Crops and conglomerates were the focus of the Fast Money Traders Wednesday, early in the session.

Soft commodities were surging after the U.S. Department of Agriculture released a weak crop forecast for corn , soy and wheat. Meanwhile, shares of ITT Corporation were hitting new all-time highs on a Wall Street Journal report that the company would split into three publicly traded entities.

The Softs

The USDA crop forecast was bullish, wrote Kanundrum Capital’s Brian Kelly in his morning note. The USDA predicted that poor weather would cut into crop yields.

The USDA lowered its domestic inventory forecast for wheat and predicted declining reserves for soybeans and corn. Corn and soybeans both had traded limit-up by mid-day.

“There is little room for weather issues since supplies are tight,” explained Kelly. He added that he was looking at fertilizer producers on the news. In general, strong agricultural prices increase fertilizer prices since farmers are incentivized to plant more crops, thus increasing fertilizer demand.

Conglomerates

As Kelly looked to crops, Metropolitan Capital’s Karen Finerman’s attention was on conglomerate break-ups after news of the ITT breakup.

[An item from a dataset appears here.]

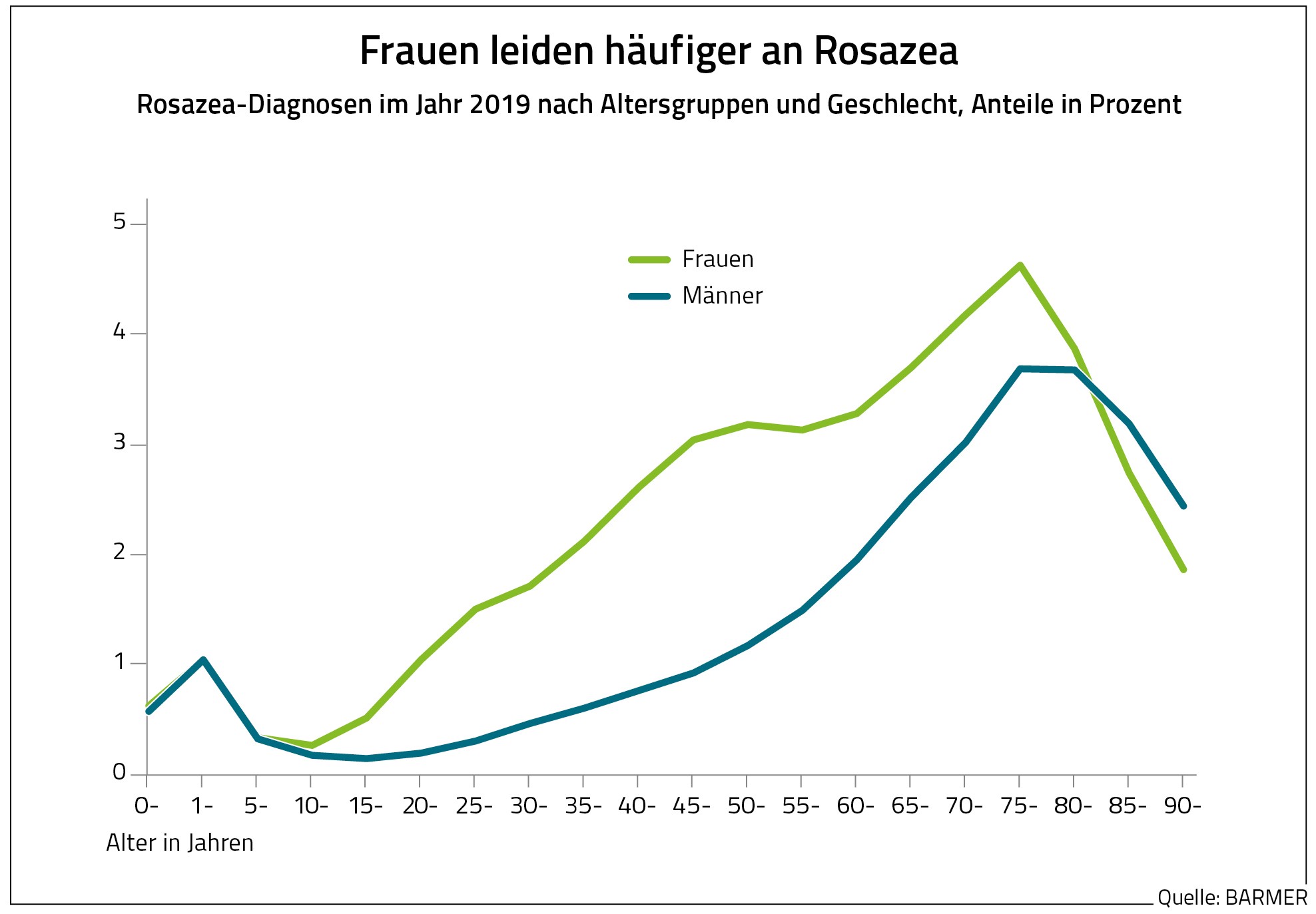 „Der Verlauf einer Rosazea kann durch Medikamente verlangsamt werden. Zusätzlich sollten die Betroffenen neben der Sonne Stress, Alkohol, warme Getränke und scharf gewürzte Speisen meiden. Sie sollten milde, pH-neutrale Waschlotionen sowie Kosmetika ohne Methanol und Kampfer nutzen“, sagt Petzold. Die Hautkrankheit komme verstärkt ab dem 25. Lebensjahr vor, und zwar hauptsächlich bei Frauen. In der Altersklasse von 75 bis 80 Jahren sei im Jahr 2019 am häufigsten eine Rosazea diagnostiziert worden, und zwar bei 4,63 Prozent der Frauen und 3,69 Prozent der Männer. Dies gehe aus einer Analyse der BARMER hervor. „Wer an der Rosazea leidet, sollte sich regelmäßig von der Hautärztin oder dem Hautarzt untersuchen lassen. Auch eine regelmäßige augenärztliche Kontrolle ist erforderlich“, so Petzold.
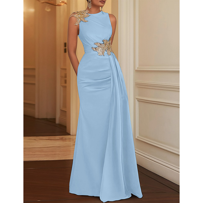 Sheath Column Floor Length Evening Gown Ball Gown with Overskirt Formal Dress Elegant Black Dress Sleeveless Jewel Neck Christmas Formal Pocket Satin with Embroidery

Whereas once the market rewarded companies with myriad businesses, now investors wanted to see that companies could do one thing very well. This is “the rise of category killers,” said Finerman.

ITT shares were up nearly 16% mid-day on news that it would split into three publicly traded companies focusing on aerospace, water management and industrial products, respectively.

ITT is the third company to announce such a breakup in the past several months. Motorola split into two companies – Motorola Mobility Holdings and Motorola Solutions – late last year. The mobility company focuses on handsets while the solutions company focuses on radios and scanners for business. Fortune Brands is also splitting its whiskey, faucets, and golf club businesses into separate entities.